文教大学(ぶんきょうだいがく、英: Bunkyo University)は、日本の私立大学のひとつであり、教員養成で知られる文科系総合大学である。

目次 [非表示]
1 概要
2 学風
2.1 越谷校舎
2.2 湘南校舎
3 所在地・構成
3.1 キャンパス
3.2 施設など
4 沿革
5 教育研究組織
5.1 学部
5.2 大学院
5.3 専攻科
5.4 別科
5.5 短期大学部
6 課外活動・学生自治
6.1 越谷校舎
6.2 湘南校舎
7 施設
7.1 図書館
7.2 研究所
7.3 センター
8 附属学校
9 著名人
9.1 卒業生
9.2 教職員・元教職員
10 関連項目
11 外部リンク

概要
文教大学には、埼玉県越谷市の越谷キャンパス、神奈川県茅ヶ崎市の湘南キャンパスがある。設置者は、学校法人文教大学学園である。建学の精神は、立正精神に基づく人間愛であり、創立記念日は、立正裁縫女学校の開設日である10月17日である。

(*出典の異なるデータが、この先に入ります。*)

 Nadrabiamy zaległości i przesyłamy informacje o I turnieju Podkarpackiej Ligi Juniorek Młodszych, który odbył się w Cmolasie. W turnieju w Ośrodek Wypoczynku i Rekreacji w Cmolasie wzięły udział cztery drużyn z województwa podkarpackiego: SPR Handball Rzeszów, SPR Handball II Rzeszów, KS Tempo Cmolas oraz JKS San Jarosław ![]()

学校法人文教大学学園の本部は、東京都品川区旗の台におかれているが、文教大学の本部は、埼玉県越谷市南荻島におかれている。

文教大学は、元々は女子校であり、1966年(昭和41年)に立正女子大学(りっしょうじょしだいがく)という名称で開学したが、男女共学にしたときに現在の「文教大学」の名称に改めた。

元々女子教育を行っていた大学であるため、人間性を重視している一方、1980年(昭和55年)に日本の大学として初めて情報学部を設置するなど、主体性を求める学際領域に対しても積極的な大学でもある。現在の文教大学はキャンパスごとに特色が異なり、越谷キャンパスは、教育学部・人間科学部・文学部などによる「人間性」のキャンパスともいえ、湘南キャンパスは、情報学部・国際学部・女子短期大学部(健康栄養学科)などによる「主体性」のキャンパスともいえる。


学風
文教大学全体(越谷・湘南の両校舎)の特徴としては、人に対して優しい気持ちを持っている学生が多いと世間でいわれることが多い。これは、多少の間違ったことをしてしまっても、そのことに対して寛容に扱うという大学内の慣習によって、伸張されているともいわれる。

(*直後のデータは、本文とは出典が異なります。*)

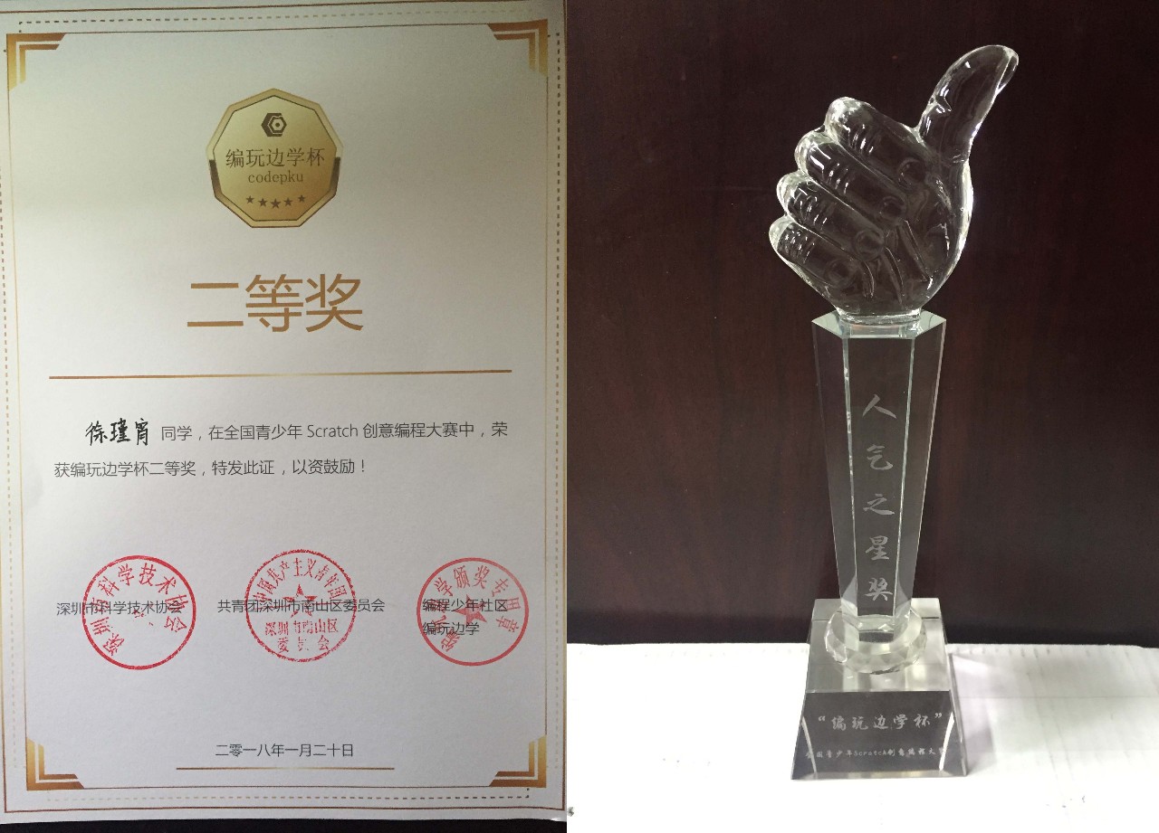 “在网上看到12月份编玩边学的编程大赛,我就鼓励他和机器人班上的几个小伙伴一起去参加。当时用的就是这款‘猎魔之战’,获得了二等奖和人气之星奖。”

大学構内で精力的に、授業や課外活動、研究活動などを行う学生も一定の比率で存在し、自己の探求活動を行う場として大学が位置づけられることもある。学生に対する事務局の接し方については、「鬼の教務課、仏の学生課」といって教務課が比較的厳格であり、学生課が比較的柔らかい。ただし、学生生活は、通常の大学と同様で、大学の事務局がすべての学生に対して日常生活に至るまで常に細かな指導を行うということはなく、多様な過ごし方が存在する。

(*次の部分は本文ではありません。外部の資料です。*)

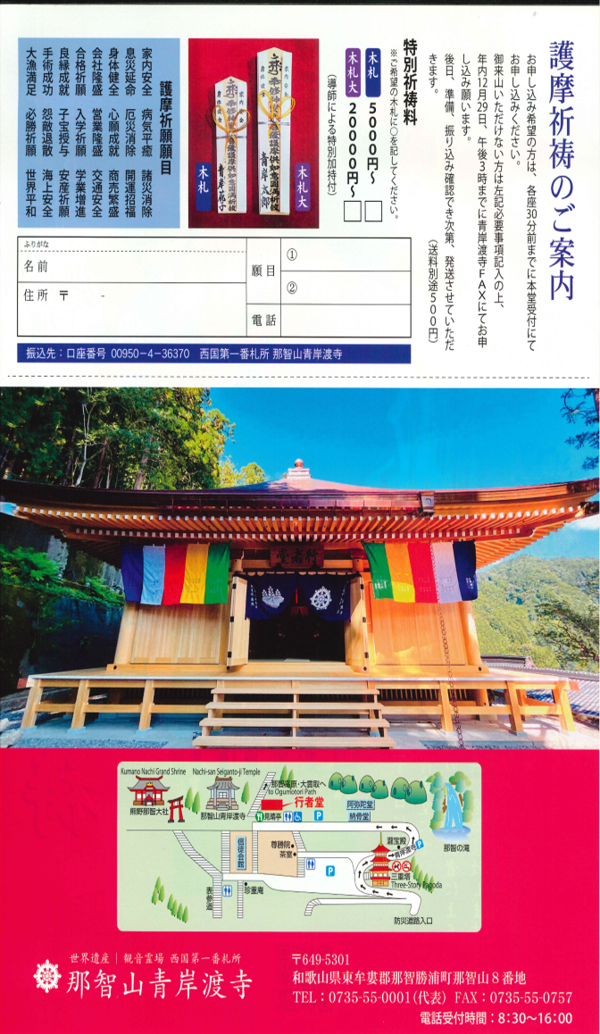 年内29日午後3時までに青岸渡寺FAX(0735-55- 0757)にて、案内記載の必要事項と木札の種類記載の上、 お申し込み願います。

教育組織については、研究活動を主とする教員もいる一方で、日常的に学生と親身に接し続けている教員もいる。大きくは、越谷校舎と湘南校舎という2つの地区ごとに別れて教員が所属し、大学内の細かな部門ごとに双方の地区同士が交流する形をとっている。


越谷校舎
アットホーム主義を売り物にし、コースや専修が同じ学生同士での集団的な活動を、小学校や中学校などの例を基盤に、より発展させて行うことが望まれている。授業時間帯以外にも、放課後、休業日などにおいても集団活動を行うことが望まれる場合もある。大学の外部からうかがい知れない活動の勢いからすれば、多くのタイプの人と付き合うことを希望している人に入学が勧められる。学生には、比較的落ちついた性質の人が多く、目的に向かって正面から努力をしていくといった姿が見られる。マスプロ教育とも捉えられる都心部の大学に比べれば、学びについて真摯とも型にはまりすぎとも考えられることがある。人間関係はかなり親密であり、交流する人には事欠かないといわれている。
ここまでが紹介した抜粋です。